There's a cheese grader on the floor. It's a bit hard to see underneath the Mt. Vasuvious of stuffed animals but you might catch a glimpse of the shiny metal if you look just right. But of course you have to actually be looking for it. If you're not then you just see the toy salad that my children have made in our daily routine of freaking destroying the house. The walls are still standing, but just barely. The toy salad is topped with the Parmesan of the toy/crap world--puzzle pieces. Or are they the croutons?
This mound lies in the middle of the hallway, right at the bottom of the stairs. To the casual observer this placement may look arbitrary and almost haphazard. The kind of mound that any destructive 4 year old and 3 year old toadie would make. But I know my children so I should have been aware that this was some sort of Vietcong trap. I should have known.
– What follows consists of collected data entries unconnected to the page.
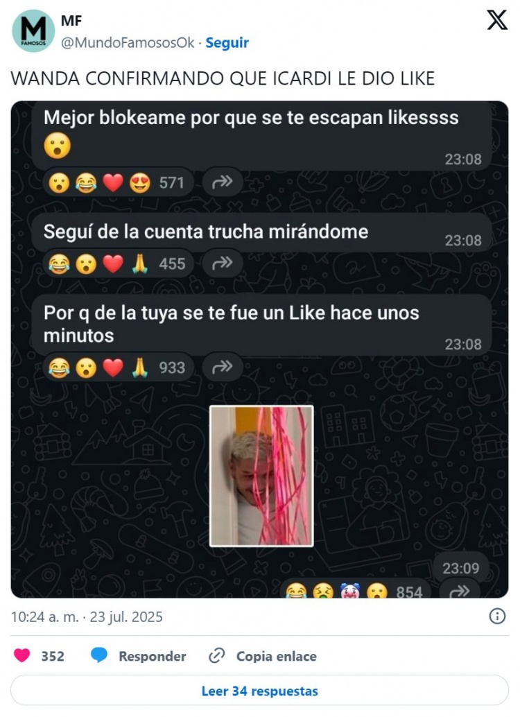 旺达:“他赓续用假账号存眷我,因为不久前你的账号给我点了一个赞。”数百万粉丝飞快考证了这一事件,并截取了更多截图。果如其言,在这一切传播开来后不久,阿根廷东说念主就取消了点赞。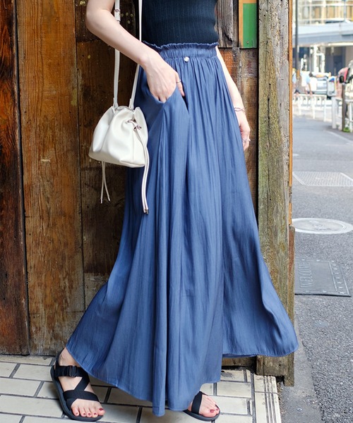 たっぷり取った要尺がスカート見えするスーパーワイドパンツ。イージーな穿き心地でワンマイルウェアやリラックスウェアにもお使いいただけます。通気性がよく、さらっとした風合いの生地が夏も快適。着脱が簡単でラクチンなウエストゴム仕様も嬉しいポイントです。シンプルな無地は様々なトップスと組み合わせていただけます。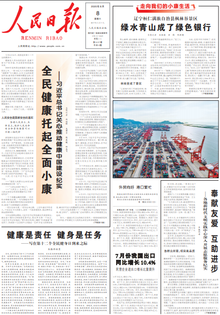 全民健康托起全面小康。从明年开始,我国将进入“十四五”时期,在全面建成小康社会基础上开启全面建设社会主义现代化国家新征程。在以习近平同志为核心的党中央坚强领导下,14亿中国人民满怀对美好生活的无限向往,阔步迈向中华民族伟大复兴!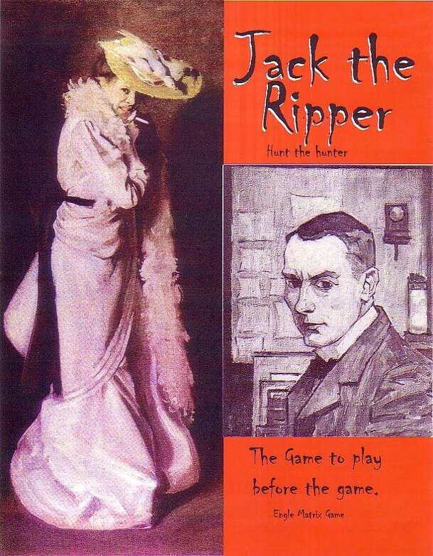 Jack the Ripper is an Engle Matrix Game about hunting down London's most famous mass murderer. The players each champion one of six characters: Jack the Ripper, The Inspector, Lady Coverup, Lord Brutal, Mr. Revenge and Pretty Nell (everyone's victim). Each character has conflicting goals which lead them to try to pin the murders on one another or try to...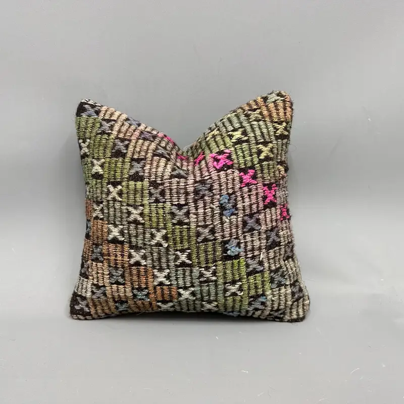 Almohada de lanzamiento Kilim tejida a mano, cojín bordado vintage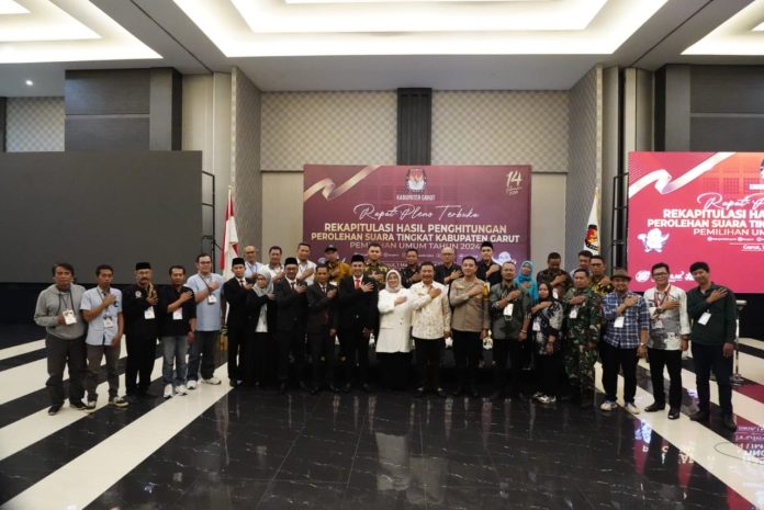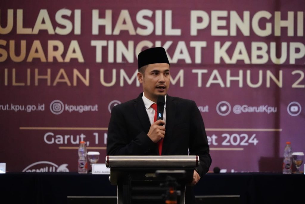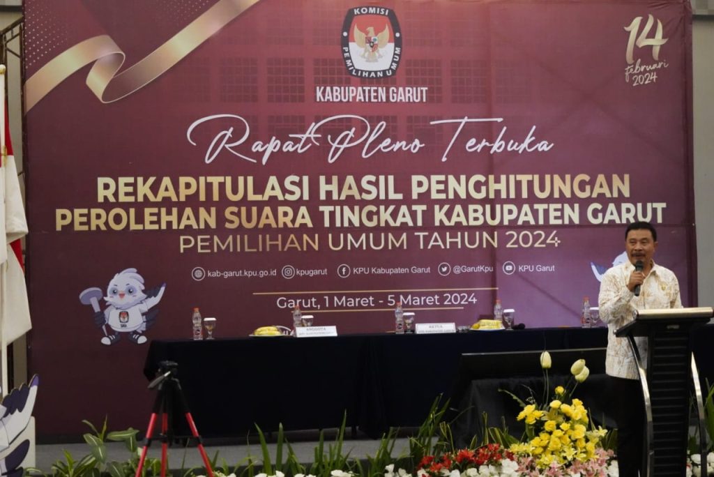 KORAN-FAKTA.ID – Komisi Pemilihan Umum (KPU) Kabupaten Garut menggelar Rapat Pleno Terbuka Rekapitulasi Hasil Penghitungan Perolehan Suara tingkat Kabupaten Garut pada Pemilihan Umum (Pemilu) Tahun 2024, yang dilaksanakan di Ballroom Hotel Harmoni, Jalan Cipanas Baru, Kecamatan Kabupaten Garut, Jum’at (01/03/2024).

I had to step over the pile for the 100th time, each time asking the minions to please pick your shit up. Each time they said ok then promptly ignored my request. Eventually, I lost my patience and my temper. This was their plan all along. Clever. My children are very clever.
Tired of them ignoring me, I thought that I would give them a show of force. Prove who the alpha dog still in in this beotch. I walked to the pile and kicked it, I kicked it hard. The plan was to send the arms and legs of destroyed toys across the room and smack sickeningly against the opposite wall. Then slowly they would stick and slide down while making a creepy sliding noise. The plan sounded very good in my head.
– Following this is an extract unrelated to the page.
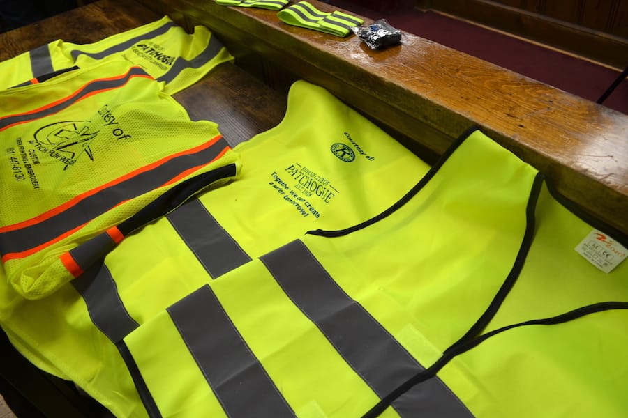 Fifteen private businesses, unions, non-profit organizations, and service groups donated over 1,000 vests, armbands, and lights, which were distributed over the past month by the Suffolk County Police Department’s CODE Unit and the Patchogue-Medford Library.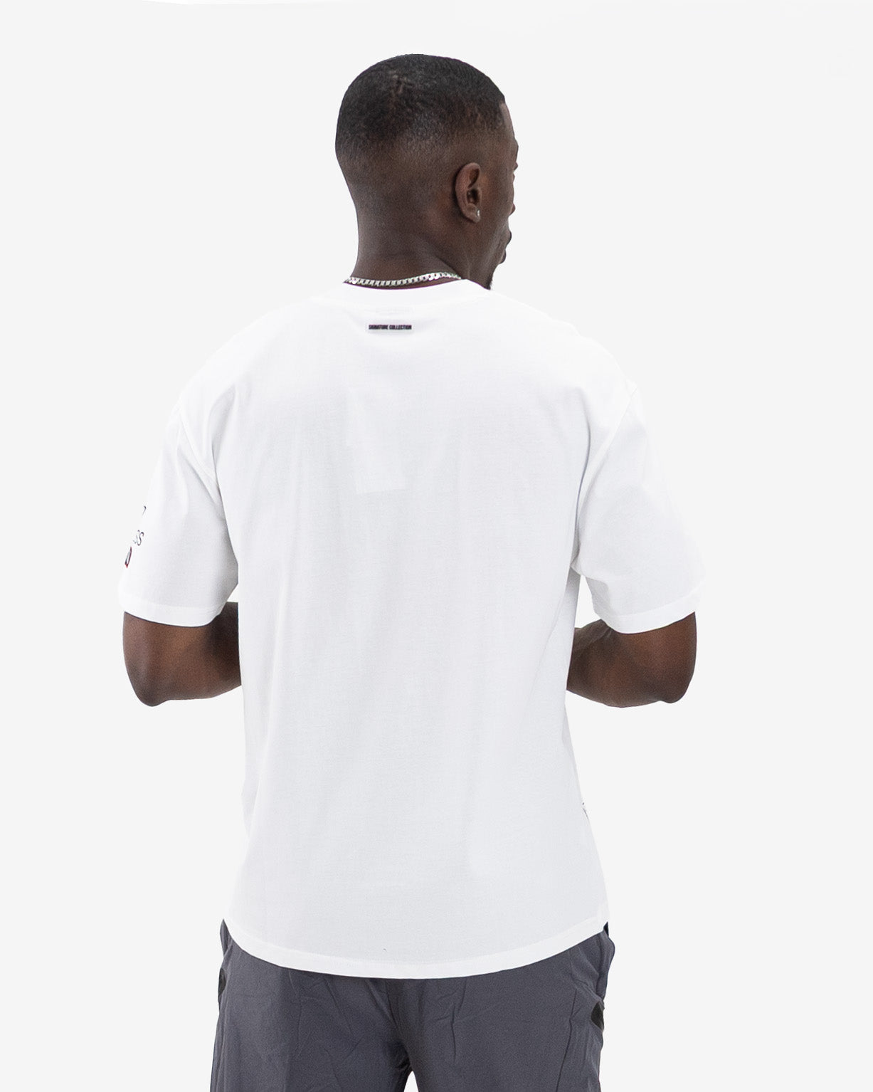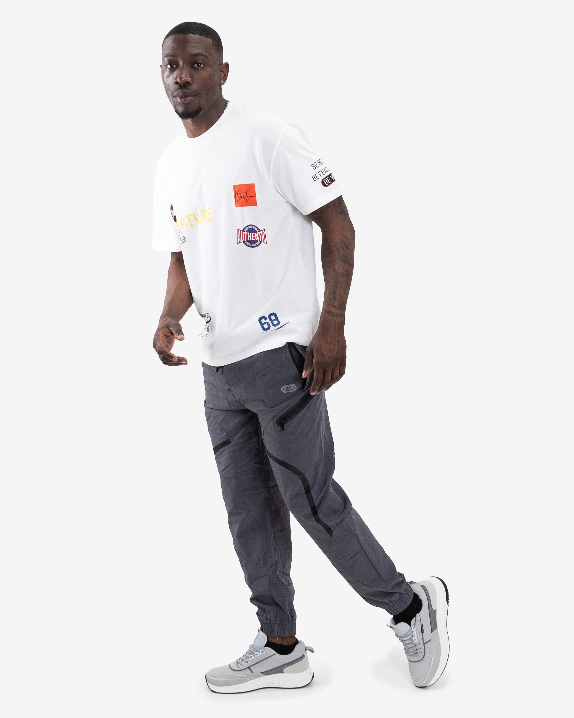 - Dynamic Aesthetic: The tee features multiple graphic patches and prints across the front, creating a modern, collage-like feel that's unique and eye-catching.

But I wasn't wearing any shoes. Or socks. Just my bare feet.
The top of my big toe hit directly on the cheese grader. An interesting fact: a cheese grader can also be known as a skin grader, although unless you are a 12th century dungeon master, you would never know it.
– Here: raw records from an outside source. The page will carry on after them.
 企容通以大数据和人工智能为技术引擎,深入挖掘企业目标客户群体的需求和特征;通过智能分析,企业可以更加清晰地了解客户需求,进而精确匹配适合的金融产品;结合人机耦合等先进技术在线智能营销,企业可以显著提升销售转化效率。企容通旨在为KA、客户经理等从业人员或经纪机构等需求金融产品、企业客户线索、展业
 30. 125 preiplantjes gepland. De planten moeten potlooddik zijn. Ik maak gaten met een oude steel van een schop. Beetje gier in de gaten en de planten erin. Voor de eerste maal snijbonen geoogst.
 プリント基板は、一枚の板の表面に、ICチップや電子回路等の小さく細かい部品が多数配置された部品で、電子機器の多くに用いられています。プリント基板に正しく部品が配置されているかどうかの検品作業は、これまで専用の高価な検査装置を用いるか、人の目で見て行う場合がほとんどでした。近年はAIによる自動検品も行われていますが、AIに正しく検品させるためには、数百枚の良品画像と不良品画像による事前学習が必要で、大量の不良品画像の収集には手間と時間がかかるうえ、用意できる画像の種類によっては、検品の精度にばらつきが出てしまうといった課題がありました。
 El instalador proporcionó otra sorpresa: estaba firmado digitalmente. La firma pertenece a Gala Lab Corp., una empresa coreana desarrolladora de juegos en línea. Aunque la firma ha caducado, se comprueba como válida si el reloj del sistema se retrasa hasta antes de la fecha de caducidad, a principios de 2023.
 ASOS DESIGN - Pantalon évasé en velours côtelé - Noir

I am now missing the top of that toe. I have troll feet already, good for stomping at fires on my front porch and scaring small children that wander underneath any bridges. Now they have the addition of authentic "battle damage". All I'm missing is a spiky club.
What was meant as a show of force had ended up with me staggering around on one leg while trying not to get little drops of blood on the floor, blood that only I would have to freaking clean up. That's what we call in the business of parenting as "adding insult to injury." The stuffed animals didn't even fly that far and I'm also pretty sure that the cheese grader scuffed my hardwood floor to.
The minions either thought I was being funny or they were laughing because they have learned how diabolical they can be.
Well played children. Well played indeed.